> **Required action**
All the lines below should appear again unchanged, though their pictures should not.

> **Data**

- - - - -

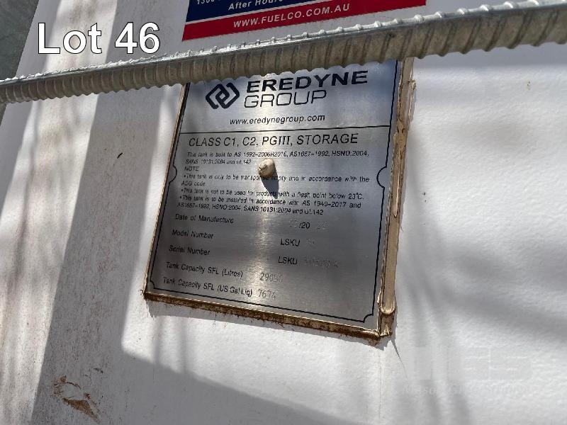 DIESEL FUEL CONTAINERISED TRUCK, 20' EREDYNE GROUP DOM: 2022 MOD: LSKU30 S/NO: LSKU311328-4 CAPACITY: 29,050 LITRE DOB ID SYSTEM TO OPERATE (SMARTFILL) DIGITAL METERED PUMP 240V CONNECTION INCLUDED FOBS & CODED SOFTWARE
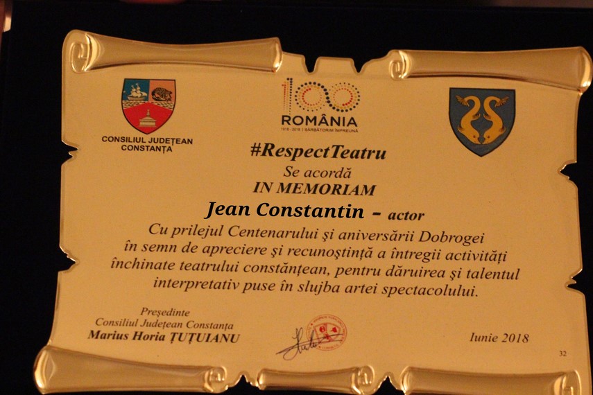 #RespectTeatru Medalia „Jean Ionescu“ şi placheta CJC #RespectTeatru, pentru actorul Jean Constantin (galerie foto)
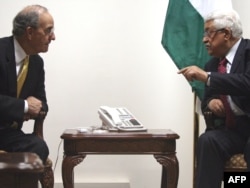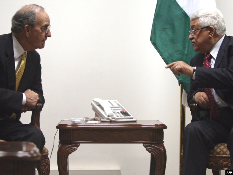 Палестин автономиясынын президенти Махмуд Аббас (оңдо) жана АКШнын Жакынкы Чыгыш боюнча чабарманы Жорж Митчелл (солдо). Батыш Иордандын Рамалла шаары. 10-июнь 2009-ж.

- - - - -

> **Answer space**
 DIESEL FUEL CONTAINERISED TRUCK, 20' EREDYNE GROUP DOM: 2022 MOD: LSKU30 S/NO: LSKU311328-4 CAPACITY: 29,050 LITRE DOB ID SYSTEM TO OPERATE (SMARTFILL) DIGITAL METERED PUMP 240V CONNECTION INCLUDED FOBS & CODED SOFTWARE
 #RespectTeatru Medalia „Jean Ionescu“ şi placheta CJC #RespectTeatru, pentru actorul Jean Constantin (galerie foto)
 Палестин автономиясынын президенти Махмуд Аббас (оңдо) жана АКШнын Жакынкы Чыгыш боюнча чабарманы Жорж Митчелл (солдо). Батыш Иордандын Рамалла шаары. 10-июнь 2009-ж.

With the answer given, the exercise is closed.